The result is, she’s practically constantly at work. You see, she’s one of the people who can’t ever close her eyes to an animal in need. Most people can. At worst, when people see an abandoned and/or hurt animal, they ignore them. At best, they call people like my girlfriend (okay, there are some who will try to take care of the animal themselves, but they are exceptions).

So the people who care, the people who can’t say no, have hardly any spare time. When my girlfriend is overworked and stressed (it happens sometimes), there is no easy way to take a break, because the animals keep coming, and coming: the reservoir of animals in dire situations is constant and infinite. You can imagine that it is very hard for her, and to people like her, to just not mind, to say that there is no more room or time or energy or money for that particular animal, knowing that they will suffer and die from lack of food, alone, maybe in the cold.

It’s obvious that this kind of care is draining, both mentally and physically. I don’t see any easy short term solution. Of course the long time solution is that we structurally change things. But long term plans, even if we have good hopes that they will work out, don’t help the animals that are in need right now, and they don’t help the people who can’t say no to their suffering.

So in the meantime, maybe we should distribute the work a little bit more. Maybe each of us who cares has to take some responsibility. Everyone can do something. You can adopt an animal, you can pay for vet costs, if you’re a vet you can do some volunteer work to make the cost for spaying/neutering or healing these strays (which society rather any individual should pay for) lower. And if you find a wounded animal, you can probably take it to the vet yourself (if you can catch it), rather than calling an overworked person who can’t say no and expect him or her to do it for you. So I guess my message is: if you care, then care.

And maybe then, if we all do our little bit of real, actual care, we can spread the work more evenly, and everybody gets to relax just a little bit, so that all of our care is more sustainable and we can keep on caring.

14 thoughts on “The trouble with caring

  1. Nice post Tobias. Maybe I’ve missed this in other posts of yours, but why are you not being judgmental when you say most people don’t care about (human or nonhuman) suffering? And why are you not cynical about people? I think I have an idea but am curious to hear from you.
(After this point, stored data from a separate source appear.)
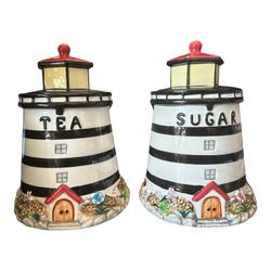 Lighthouse Tea & Sugar Canister Set Ceramic Kitchen Jars 7” Nautical$15Grand Terrace, CA
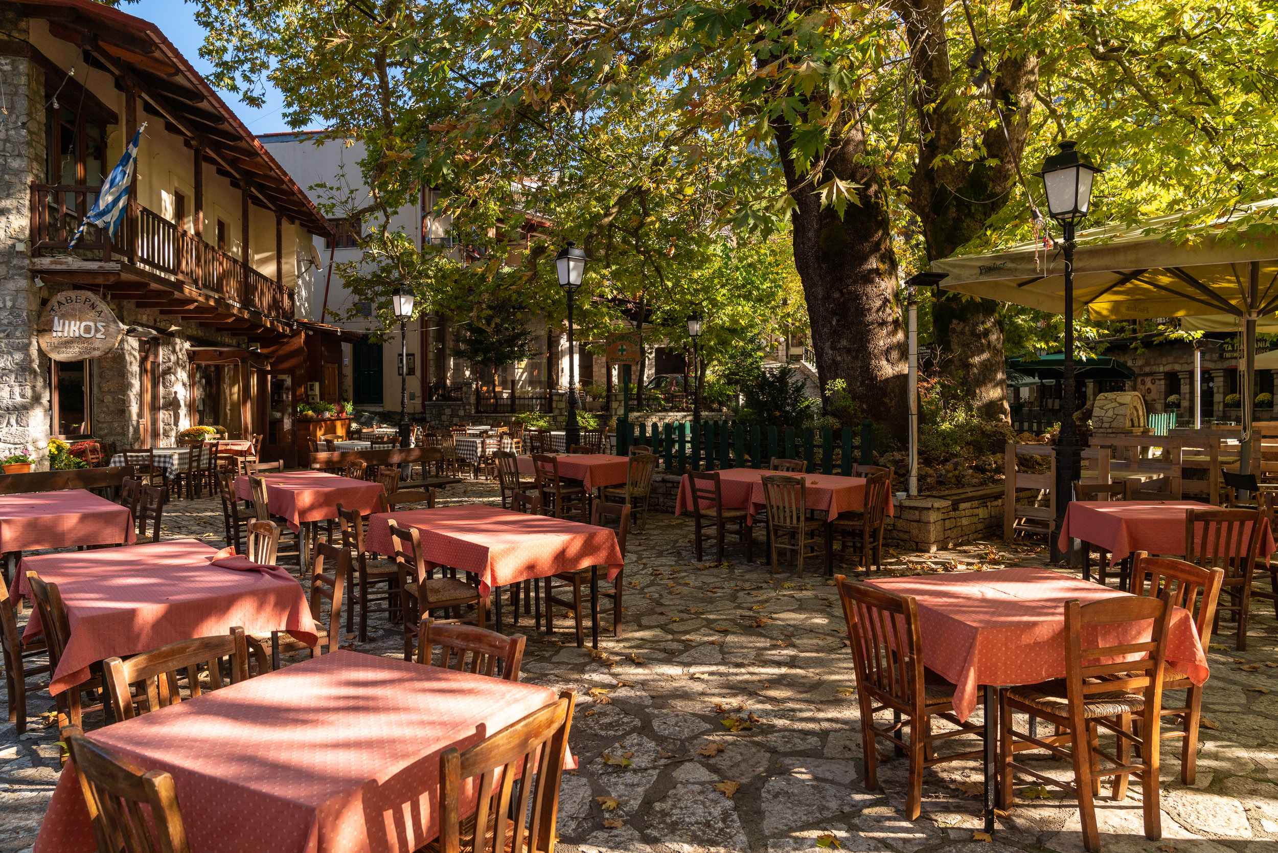 Το αυτοκίνητο μπορείτε να το αφήσετε κοντά στην είσοδο του χωριού και να περπατήσετε στα όμορφα δρομάκια του, ώσπου να φτάσετε στην πλατεία του, μικρή αλλά γεμάτη ζωή, με τις πέτρινες βρύσες, τα πλατάνια και τις μουριές. Γύρω της απλώνονται ταβέρνες και καφέ με τραπέζια κάτω από τη σκιά των δέντρων, ιδανικό σημείο για μια στάση πριν συνεχίσετε τη βόλτα σας.
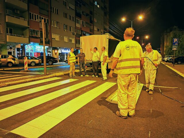 Horizontalna signalizacija u ulici 7. jula, od raskrsnice sa ulicom Kralja Stefana Prvovenčanog do početka Bulevara Nemanjića, sinoć je kompletno obeležena i saobraćajnica je puštena u rad. Direktor preduzeća Dejan Dimitrijević obišao je ekipe na terenu.

    1. good question. in any case, i wasn’t *feeling* judgmental when i wrote it, or it was not meant as a judgment, if that makes sense.
      in any case, no, i believe in people (i think we have no other option than to believe in them). i believe in getting better, evolving, growing… and i believe we can see most of the human race as children still, who have yet to become mature.
      But even now, i think most people care, just not enough for them to get into action and forget their own woes.
      And of course, there is the thing that it’s not all our fault and responsibility 🙂 We’re living on a planet where there’s just a lot of suffering, maybe more than we could ever take care of right now even if we’d be at our best all the time 🙂

  2. A beautiful post which I’m sure Melanie really appreciates.

    And beyond that, it’s an excellent call to arms for the many armchair activists among us. I mean, we can all get lazy. I think the internet is great in terms of raising awareness of animal rights issues, but often our response can be no more than a ‘like’ or a ‘share’ on facebook, or, if you’re feeling particularly feisty, the signing of an e-petition.
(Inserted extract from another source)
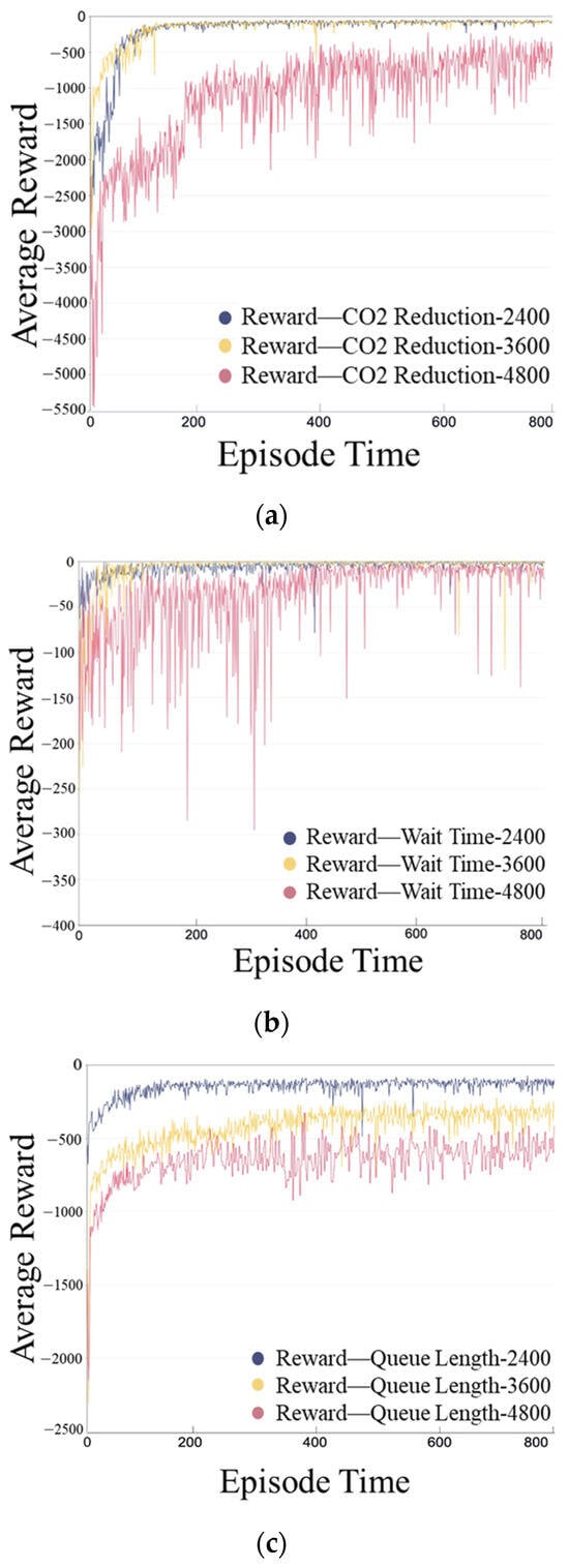 where represents the cumulative CO2 emissions of the intersection entrance at time , represents the cumulative CO2 emissions of the intersection entrance at time , represents the cumulative waiting time at the intersection entrance at time , and represents the cumulative waiting time at the intersection entrance at time . After multiple experiments, the values of and were determined to be −2 and −1, respectively, while the values of and were both set to 0.9.
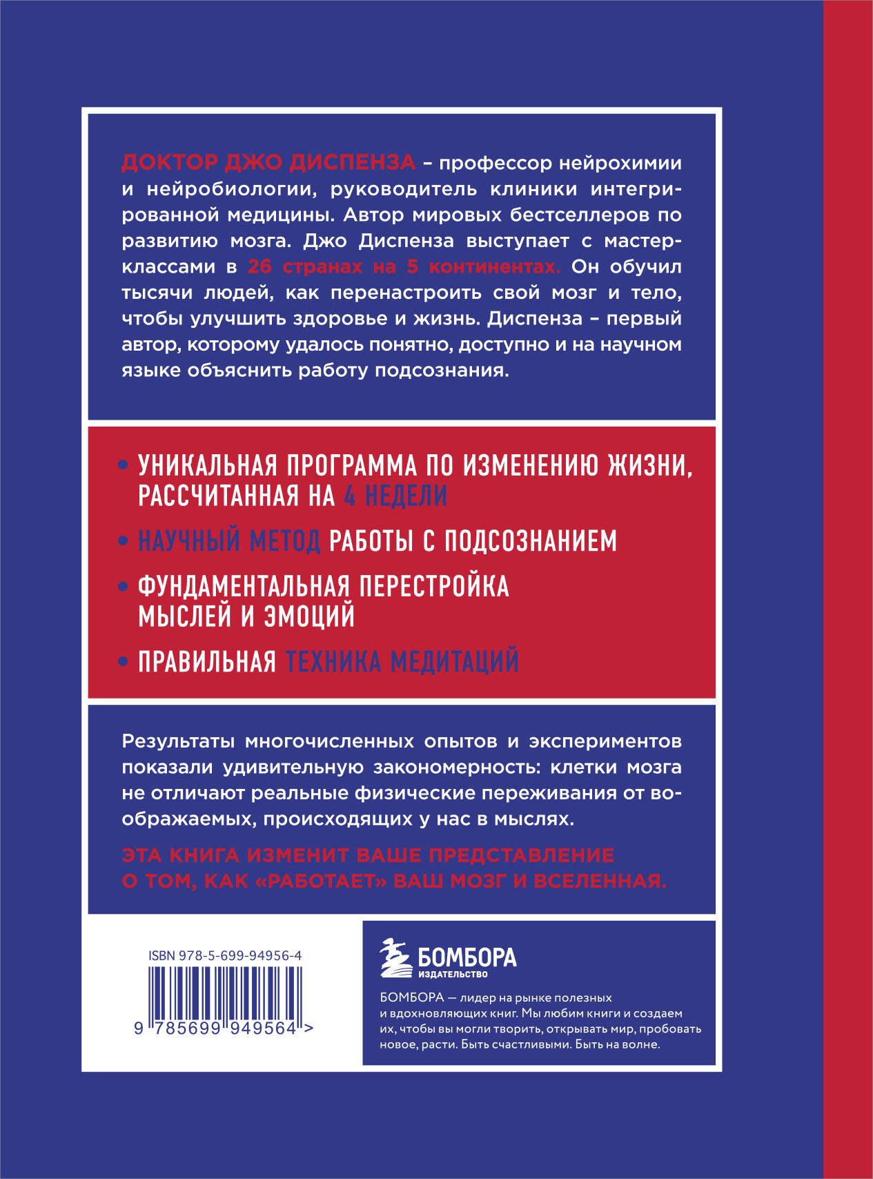 Доктор Диспенза — профессор нейрохимии и нейробиологии, руководитель клиники интегрированной медицины. Автор мировых бестселлеров по развитию мозга. Джо Диспенза выступает с мастер-классами в 26 странах на 5 континентах. Он обучил тысячи людей, как перенастроить свой мозг и тело, чтобы улучшить здоровье и жизнь. Диспенза — первый автор, которому удалось понятно, доступно и на научном языке объяснить работу подсознания.

    Personally, I don’t go for the megaphone in the street approach to activism, but at least it involves getting away from your PC for an hour or two and talking to *actual* people (well, shouting at them, in many cases) face-to-face.

    There has to be a middle ground and I think this post demonstrates much of what that middle ground can and should be.

    1. one problem that i didn’t mention is that of course the structural work needs to be done too. people may get so focused on the suffering that’s directly in front of them, that they have no time, energy or attention left to improve e.g. the structure of their own organisation and deliver more output. or, as a friend of mine once said: a good ploy by our “enemies” would be to place a hurt pigeon in front of our door every time so we don’t get to the real work… 🙂

  3. I do think this is judgmental and a bit insulting to people that just don’t operate like this…..not everyone has this sort of emotional relationship with animals (heck, I’m argue that the vast majority of men do not) and to imply that they don’t care because they don’t operate in this way, well, is pretty damaging.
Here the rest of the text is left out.